Sunday 11 January 2009

Dow Chemical: Lenders Stand by CEO Liveris

Dow Chemical has one thing on its side: Lenders who are actually willing to lend.
Surprisingly, even while Dow’s $15.3 billion agreement to take over Rohm & Haas is teetering, the chemicals giant so far appears to have the full support of the 18 lenders who agreed to provide Dow with a $13 billion bridge loan. “We stand ready and willing to fund,” said one person close to the financing, in an idea echoed by several of his compatriots.

Deal Journal spoke to people at several of Dow’s lenders, all of whom said that they stand by the $13 billion bridge loan and are ready to fund. That is all the more remarkable because the banks have been largely in the dark about the deal’s fate: as of last night, Dow Chemical had not contacted the banks to discuss the Rohm & Haas deal or the lending terms as of last night, according to several people familiar with the situation.

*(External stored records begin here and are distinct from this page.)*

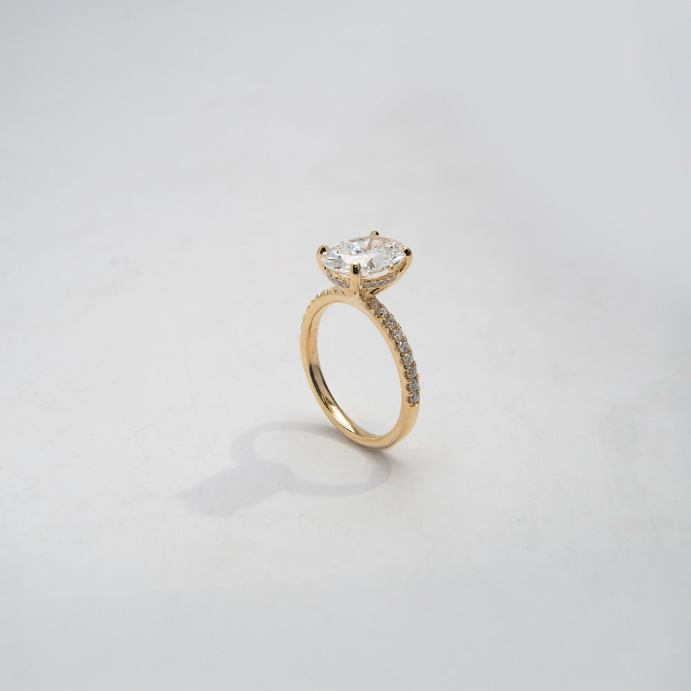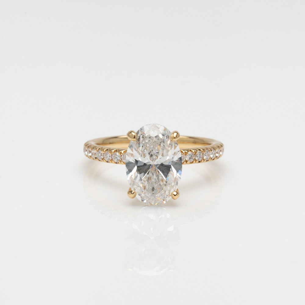 One 18ct yellow gold engagement ring featuring an oval cut laboratory-grown diamond held in an elegant claw setting. Beneath the centre stone is a refined hidden halo, adding brilliance from every angle. The shoulders are accented with brilliant cut mined diamonds totalling 0.28ct, claw-set along the band to create continuous sparkle. Finished in high-polished 18ct yellow gold, this ring is crafted with precision by Robert Cliff Master Jewellers.
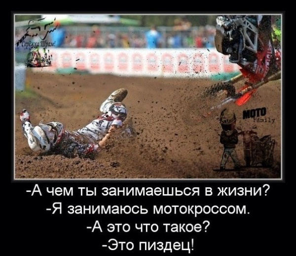 Sasa,первое правило в мотокроссе какое,не знаешь? - Нельзя ехать быстрее,чем можешь! Второе!. - Лучше гипс и кроватка,чем гранит и оградка ! Если с физухой слабо,наката мало,на руках вязанные перчатки,на ногах кирза, на голове китайская папаха за 1200 руб.,то старайся не вваливать,не разбивай себе голову,а мне сердце ... А вообще сегодня по ящику Гран-при Аргентины по кроссу, посмотри,там все едут криво - тебе понравится.
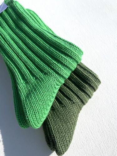 一般的なリブソックス約5足分の糸を使用し、旧式の機械で編み立てた拘りの一足。

Lenders before have promised to fund, only to pull away their commitments or start hardball negotiations over terms. That was the case with the buyout of Clear Channel Communications, which eventually closed after a brief scrimmage in court, as well as the busted buyout of Bell Canada. Of course, that could always happen with the Dow Chemical deal as well as the lenders speak with the company.

In this case, however, the banks have far less to lose. In both the Clear Channel and BCE deals, some banks held more than $10 billion of lending commitments. In the Dow deal, in contrast, the $13 billion, one-year bridge loan was very cleverly structured, leaving no bank with more than $1.3 billion to fund. Most of the banks in the 18-bank syndicate for Dow, hold chunks of under $900 million each. No bank, then, has much incentive to rock the boat.

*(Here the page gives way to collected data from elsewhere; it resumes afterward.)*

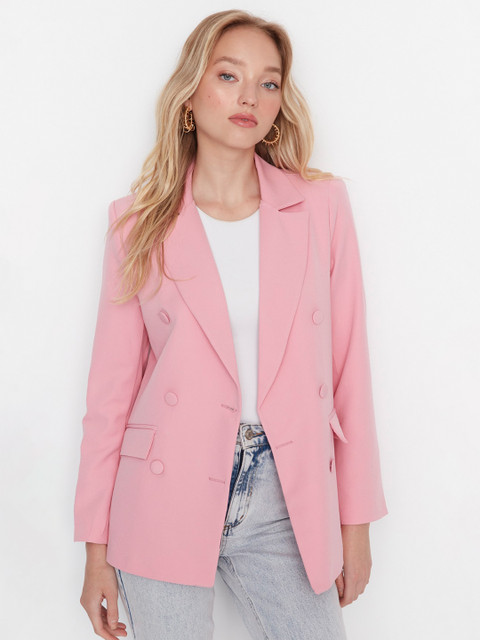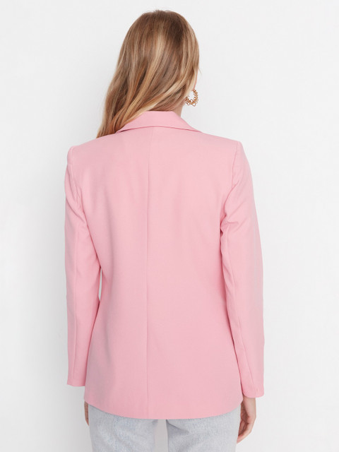 Pink solid regular-fit casual blazer, has a notched lapel, long sleeves, single-breasted with double button closure, two flap pockets, one welt pocket and a single-vented back hem
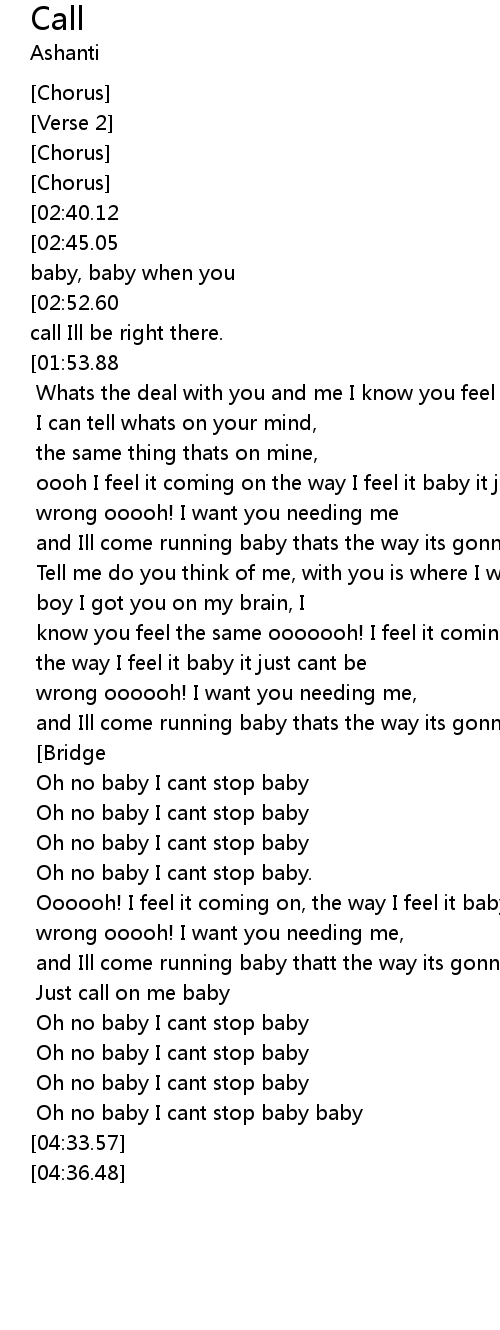 | [03:52.94][02:45.05][01:37.52][00:29.31] | baby when you call Ill be right there baby, baby when you |
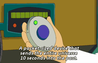 A pocket-sized device that sends the entire universe 10 seconds into the past. I will now demonstrate. Joy Juice, hot. Pretty cool, eh? I'm over here where I was 10 seconds ago.
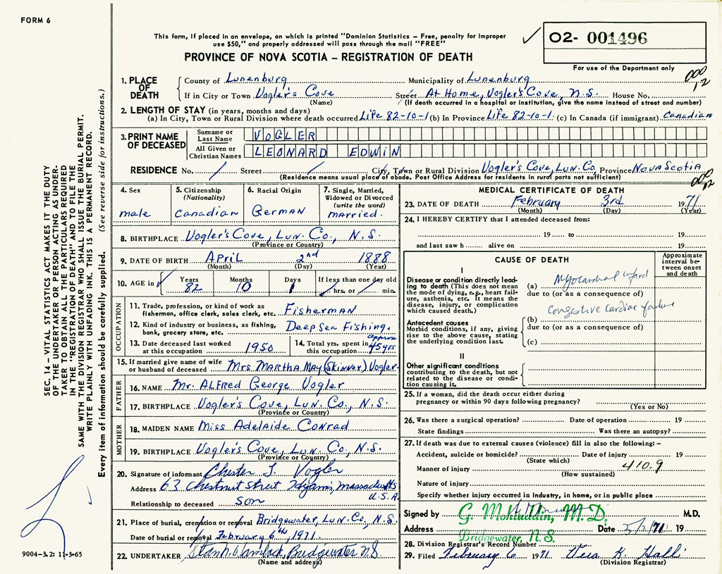 1. PLACE OF DEATH County of Lunenburg If in City or Town Voglers Cove
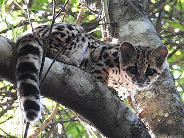 El margay (Leopardus wiedii), también conocido como maracayá, yaguatirica, caucel o gato tigre o tigrillo, es una especie de mamífero carnívoro de la familia Felidae ampliamente distribuido por América, desde México hasta el sur de Sudamérica. Esta especie puede confundirse con el ocelote. Sin embargo, el ocelote tiene un tamaño y un peso mayores (Wikipedia).
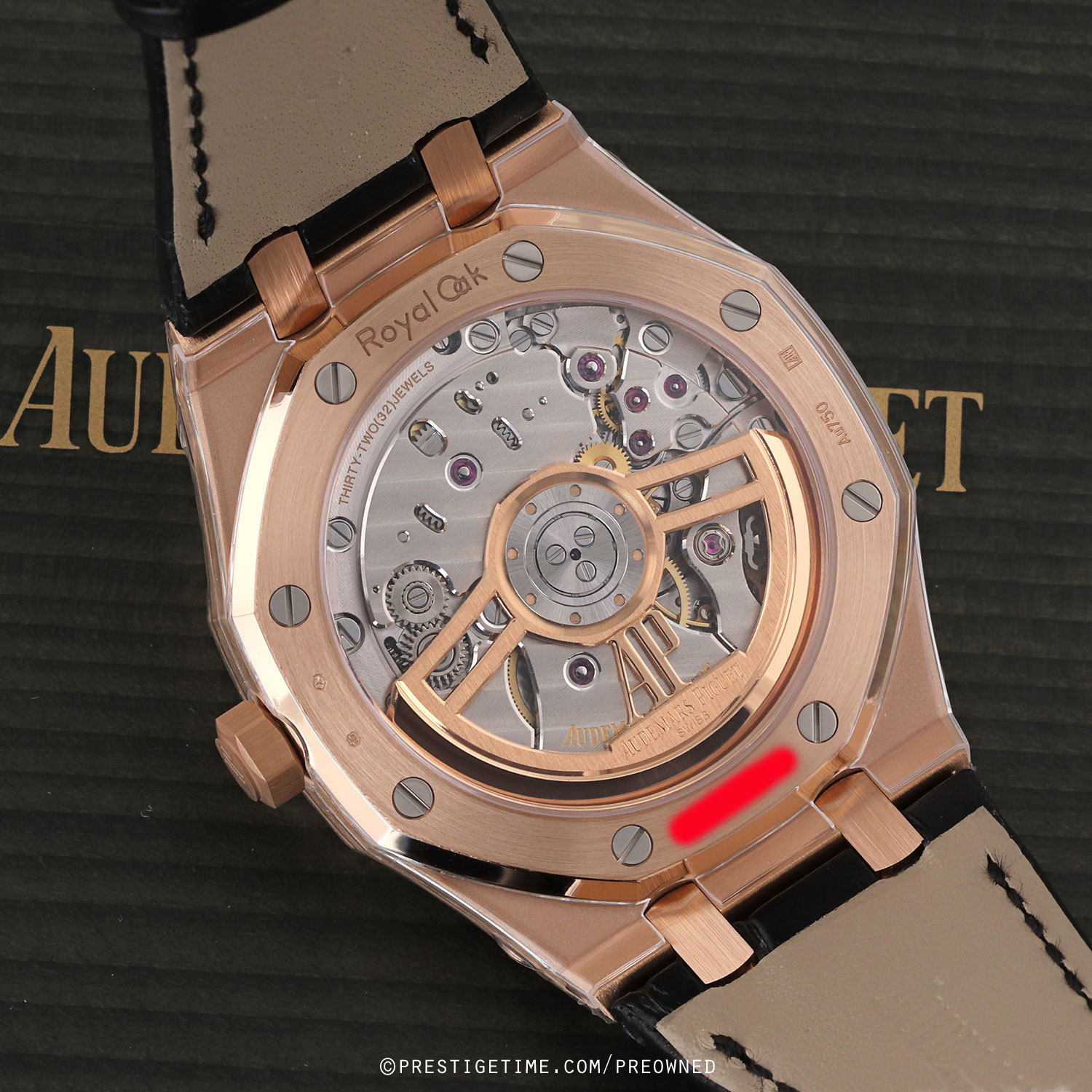 Movement: Powered by an in-house AP caliber 4302, which beats at 28,800 vph (4Hz), composed of 257 components, with 32 jewels & has a power reserve of +/- 70 hours. The movement features a solid rose gold oscillating rotor with a skeletonized AP logo monogram.
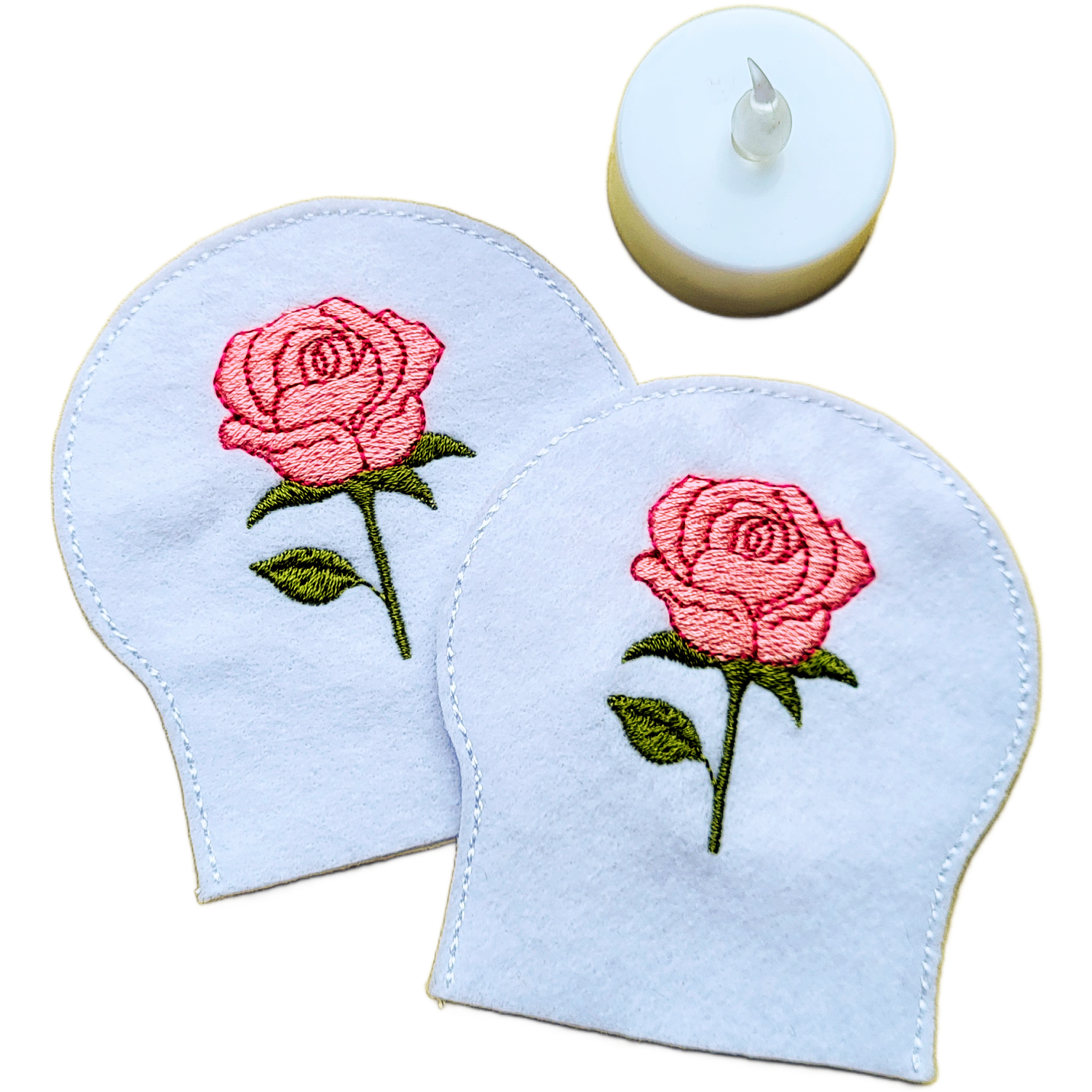 Add a soft, romantic glow to your home with these beautifully embroidered Rose Tealight Covers. Each handmade cover features a single rose bloom, delicately stitched in rich pink tones with soft green leaves on pure white felt. The detailed embroidery captures the timeless symbolism of the rose – love, gratitude, and beauty – while allowing gentle candlelight to glow through, creating a warm and welcoming atmosphere.

There could be several reasons other why the banks are standing by their commitments. The primary one is that Dow Chemical is a highly valued investment-grade corporate client that taps the financing markets often and works closely with Wall Street firms. And lastly, Dow Chemical’s acquisition of Rohm & Haas is one of the last large sources of investment banking and financing fees for beleaguered Wall Street banks who have seen deal flow dry up in the past few months.

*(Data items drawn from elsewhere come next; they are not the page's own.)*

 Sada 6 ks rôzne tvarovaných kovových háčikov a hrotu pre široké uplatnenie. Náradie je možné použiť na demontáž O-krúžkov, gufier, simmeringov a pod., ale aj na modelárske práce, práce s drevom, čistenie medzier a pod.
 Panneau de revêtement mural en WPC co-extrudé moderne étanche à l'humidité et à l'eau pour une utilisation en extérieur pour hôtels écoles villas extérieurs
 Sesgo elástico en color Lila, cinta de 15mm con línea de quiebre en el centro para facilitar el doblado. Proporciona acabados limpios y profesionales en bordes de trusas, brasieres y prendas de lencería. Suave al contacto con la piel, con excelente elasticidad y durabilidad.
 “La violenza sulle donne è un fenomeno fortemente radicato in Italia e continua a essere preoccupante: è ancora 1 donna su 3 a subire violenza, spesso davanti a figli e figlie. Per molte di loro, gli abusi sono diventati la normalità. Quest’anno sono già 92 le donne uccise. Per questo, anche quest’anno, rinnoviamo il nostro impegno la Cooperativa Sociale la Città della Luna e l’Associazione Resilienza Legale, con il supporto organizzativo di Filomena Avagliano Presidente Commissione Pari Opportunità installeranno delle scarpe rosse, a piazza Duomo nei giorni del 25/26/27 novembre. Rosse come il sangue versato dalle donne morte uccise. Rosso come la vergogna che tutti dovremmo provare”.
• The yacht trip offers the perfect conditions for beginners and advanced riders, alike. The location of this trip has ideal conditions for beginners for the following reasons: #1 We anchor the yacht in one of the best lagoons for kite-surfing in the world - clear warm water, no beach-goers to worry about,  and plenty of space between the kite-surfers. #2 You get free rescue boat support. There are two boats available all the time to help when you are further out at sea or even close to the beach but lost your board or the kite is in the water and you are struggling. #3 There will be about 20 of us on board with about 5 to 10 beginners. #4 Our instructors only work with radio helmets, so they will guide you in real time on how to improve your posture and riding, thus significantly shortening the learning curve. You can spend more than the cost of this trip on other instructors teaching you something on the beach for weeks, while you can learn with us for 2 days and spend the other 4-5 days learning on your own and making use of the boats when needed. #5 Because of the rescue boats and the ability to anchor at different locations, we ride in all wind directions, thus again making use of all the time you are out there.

Dow’s credit rating was cut last week cut to within two notches of rating that would allow trip a covenant and allow the lenders to renegotiate the terms of the loan. Still, none of the banks we talked with believed Dow would be cut to junk or that the covenant would be tripped.
The lenders’ blind faith in Dow and willingness to stand by their commitments stand in marked counterpoint to a yearful of deals in which bank lending commitments were weak links that threatened the survival of some deals. Several proposed mergers faced intense concerns about the soundness and availability of their funding, including the buyouts of Clear Channel Communications, Bell Canada, Huntsman Corp., Alliance Data Systems and BHP Billiton’s proposed acquisition of Rio Tinto.

Dow was planning to use $7.5 billion of the money it would have gotten from Kuwait to finance Dow’s own proposed acquisition of Rohm & Haas. There are precious few options for Liveris to find an equal amount of money elsewhere, since he is already cutting nearly one-third of Dow’s production capacity and has sworn not to eliminate the company’s stock dividend. As Deal Journal wrote last week, Liveris is facing a bit of a funding crunch and could use the $2.5 billion breakup fee from Kuwait to help finance the acquisition of Rohm.
Today, Liveris told our colleague Ana Campoy about the Kuwait deal, “We have not shut the door to doing the deal. If the deal was to be done tomorrow on the terms that were agreed, we would go ahead and do it….We will seek remedy for the damage done to Dow and we will seek it until we get remedy. That could be multiple billions of dollars and that could be any time frame this year or beyond.”

Update: Perhaps the lenders have not rebelled yet because assured everyone that he will find the $7.5 billion elsewhere. In an interview with Bloomberg today, Liveris said that he expected six “firm” offers from companies eager to take Kuwait’s place in the joint venture. Liveris also said that Warren Buffett and the Kuwaiti government remain committed to the $3 billion financing they have already promised. He also said he plans asset sales to get the $7.5 billion:
The $7.5 billion number, we would seek to get that number again. We would fill that hole not just with this property but with other properties we would divest. Some of those properties are in the [sales] process right now, it’s just a matter of restructuring it. It’s about putting a capital structure in place that replaces the Kuwait money. That $7.5 billion number is a realistic number given our size.
Liveris added:

“Warren [Buffett] is a big supporter of maintaining his interest in what Dow is doing despite the fact that his convertible preferred [holding in Dow] is underwater.”